Work order –
Your answer should be the lines below from the one holding "Every girl receives" through the one holding "Ruby in the Ruins by Shirley Hughes", copied exactly and with nothing else.

Given data –
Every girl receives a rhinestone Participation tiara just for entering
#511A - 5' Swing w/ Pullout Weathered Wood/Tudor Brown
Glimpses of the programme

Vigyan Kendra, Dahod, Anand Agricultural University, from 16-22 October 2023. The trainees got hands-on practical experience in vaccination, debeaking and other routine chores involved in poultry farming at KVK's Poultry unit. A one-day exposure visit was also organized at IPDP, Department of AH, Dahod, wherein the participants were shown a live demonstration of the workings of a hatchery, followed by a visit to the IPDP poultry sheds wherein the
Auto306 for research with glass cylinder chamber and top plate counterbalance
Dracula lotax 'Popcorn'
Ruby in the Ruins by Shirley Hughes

==

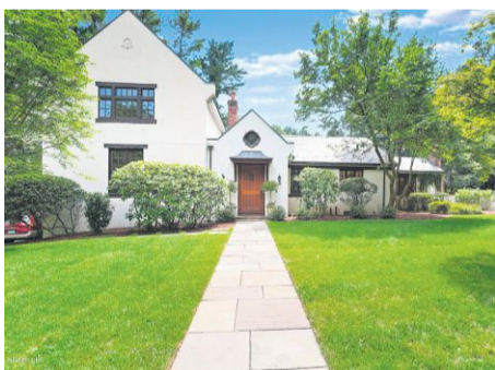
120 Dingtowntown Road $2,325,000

Your solution –
Every girl receives a rhinestone Participation tiara just for entering
#511A - 5' Swing w/ Pullout Weathered Wood/Tudor Brown
Glimpses of the programme

Vigyan Kendra, Dahod, Anand Agricultural University, from 16-22 October 2023. The trainees got hands-on practical experience in vaccination, debeaking and other routine chores involved in poultry farming at KVK's Poultry unit. A one-day exposure visit was also organized at IPDP, Department of AH, Dahod, wherein the participants were shown a live demonstration of the workings of a hatchery, followed by a visit to the IPDP poultry sheds wherein the
Auto306 for research with glass cylinder chamber and top plate counterbalance
Dracula lotax 'Popcorn'
Ruby in the Ruins by Shirley Hughes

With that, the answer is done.